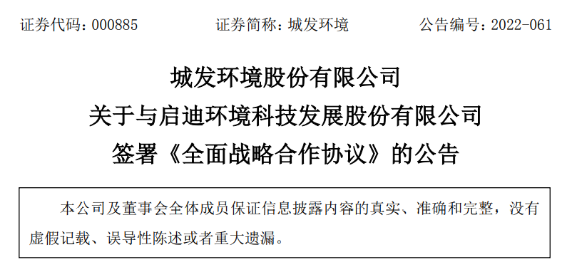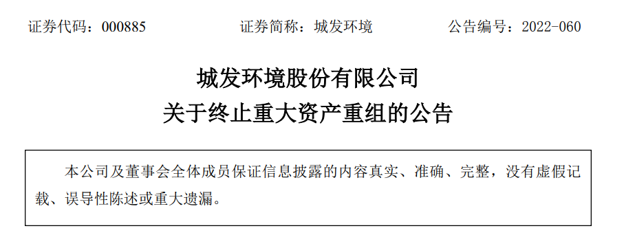 據(jù)公告顯示,終止本次重大資產(chǎn)重組的原因是城發(fā)環(huán)境自籌劃本次重大資產(chǎn)重組事項以來,嚴格按照相關(guān)法律法規(guī)的要求,與交易對方及其他相關(guān)雙方持續(xù)進行磋商與研討,并根據(jù)磋商結(jié)果積極推進相關(guān)盡職調(diào)查、審計、信息披露、內(nèi)部決策等工作。鑒于本次重大重組方案論證歷時較長,相關(guān)市場環(huán)境較本次交易籌劃之初發(fā)生較大變化。經(jīng)審慎研究分析,為切實維護城發(fā)環(huán)境及全體股東利益,經(jīng)與啟迪環(huán)境協(xié)商,雙方?jīng)Q定終止本次重大資產(chǎn)重組事項。根據(jù)法律法規(guī)及公司章程規(guī)定,經(jīng)雙方充分溝通及友好協(xié)商,城發(fā)環(huán)境董事會經(jīng)審慎研究后,依法履行了相關(guān)審議程序,終止本次重大資產(chǎn)重組。同時,另一則公告顯示,城發(fā)環(huán)境與啟迪環(huán)境簽署的戰(zhàn)略框架性協(xié)議。合作內(nèi)容、合作機制與合作期限等事項的具體實施尚存在不確定性,具體的項目合作協(xié)議或項目開展方案尚需雙方進一步協(xié)商確定。公告顯示,基于城發(fā)環(huán)境在環(huán)保項目建設(shè)、區(qū)域市場拓展、環(huán)保技術(shù)研發(fā)及人員交流等方面與啟迪環(huán)境已經(jīng)開展了深入、全面的合作,具備良好的合作基礎(chǔ),為延續(xù)雙方友好合作關(guān)系、充分發(fā)揮雙方在環(huán)保、能源領(lǐng)域的發(fā)展優(yōu)勢,公司與啟迪環(huán)境共同簽署了《全面戰(zhàn)略合作協(xié)議》,以進一步推動雙方交流合作。
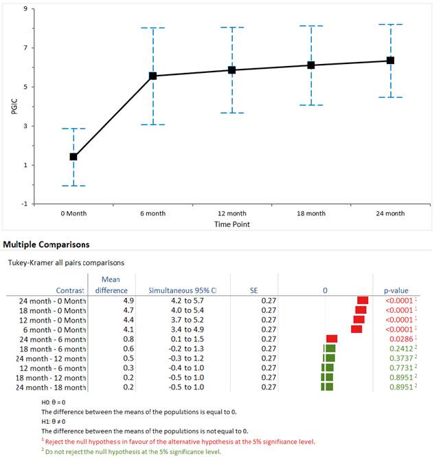 PGIC was significantly different between the 6-month timepoint and the 18-month timepoint (HCS, p<0.02) and compared with the 24-month timepoint (HCS, p<0.007) but was not significant comparing 6-month timepoint and the 12-month timepoint (HCS, p>0.2). Patients’ assessment of the treatment was performed at baseline (evaluation of prior treatments including pharmaceuticals, surgery and physiotherapy), and at each consecutive timepoint from the 6 months timepoint and onward. Earlier timepoints were not assessed as the therapy protocol was being established and the patient needs to adjust to the therapy (dosage and consumption wise).
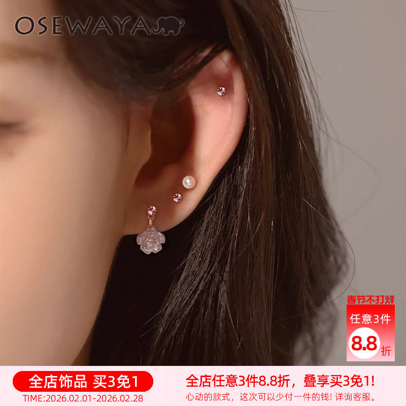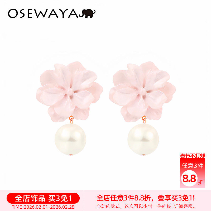osewaya耳环花朵耳钉女气质耳夹珍珠耳坠粉色贝母无耳洞耳饰春夏

============================================================

- What to do: Everything in the material goes into the copy exactly, except the images.

- Reply:
 據(jù)公告顯示,終止本次重大資產(chǎn)重組的原因是城發(fā)環(huán)境自籌劃本次重大資產(chǎn)重組事項以來,嚴格按照相關(guān)法律法規(guī)的要求,與交易對方及其他相關(guān)雙方持續(xù)進行磋商與研討,并根據(jù)磋商結(jié)果積極推進相關(guān)盡職調(diào)查、審計、信息披露、內(nèi)部決策等工作。鑒于本次重大重組方案論證歷時較長,相關(guān)市場環(huán)境較本次交易籌劃之初發(fā)生較大變化。經(jīng)審慎研究分析,為切實維護城發(fā)環(huán)境及全體股東利益,經(jīng)與啟迪環(huán)境協(xié)商,雙方?jīng)Q定終止本次重大資產(chǎn)重組事項。根據(jù)法律法規(guī)及公司章程規(guī)定,經(jīng)雙方充分溝通及友好協(xié)商,城發(fā)環(huán)境董事會經(jīng)審慎研究后,依法履行了相關(guān)審議程序,終止本次重大資產(chǎn)重組。同時,另一則公告顯示,城發(fā)環(huán)境與啟迪環(huán)境簽署的戰(zhàn)略框架性協(xié)議。合作內(nèi)容、合作機制與合作期限等事項的具體實施尚存在不確定性,具體的項目合作協(xié)議或項目開展方案尚需雙方進一步協(xié)商確定。公告顯示,基于城發(fā)環(huán)境在環(huán)保項目建設(shè)、區(qū)域市場拓展、環(huán)保技術(shù)研發(fā)及人員交流等方面與啟迪環(huán)境已經(jīng)開展了深入、全面的合作,具備良好的合作基礎(chǔ),為延續(xù)雙方友好合作關(guān)系、充分發(fā)揮雙方在環(huán)保、能源領(lǐng)域的發(fā)展優(yōu)勢,公司與啟迪環(huán)境共同簽署了《全面戰(zhàn)略合作協(xié)議》,以進一步推動雙方交流合作。
 PGIC was significantly different between the 6-month timepoint and the 18-month timepoint (HCS, p<0.02) and compared with the 24-month timepoint (HCS, p<0.007) but was not significant comparing 6-month timepoint and the 12-month timepoint (HCS, p>0.2). Patients’ assessment of the treatment was performed at baseline (evaluation of prior treatments including pharmaceuticals, surgery and physiotherapy), and at each consecutive timepoint from the 6 months timepoint and onward. Earlier timepoints were not assessed as the therapy protocol was being established and the patient needs to adjust to the therapy (dosage and consumption wise).
osewaya耳环花朵耳钉女气质耳夹珍珠耳坠粉色贝母无耳洞耳饰春夏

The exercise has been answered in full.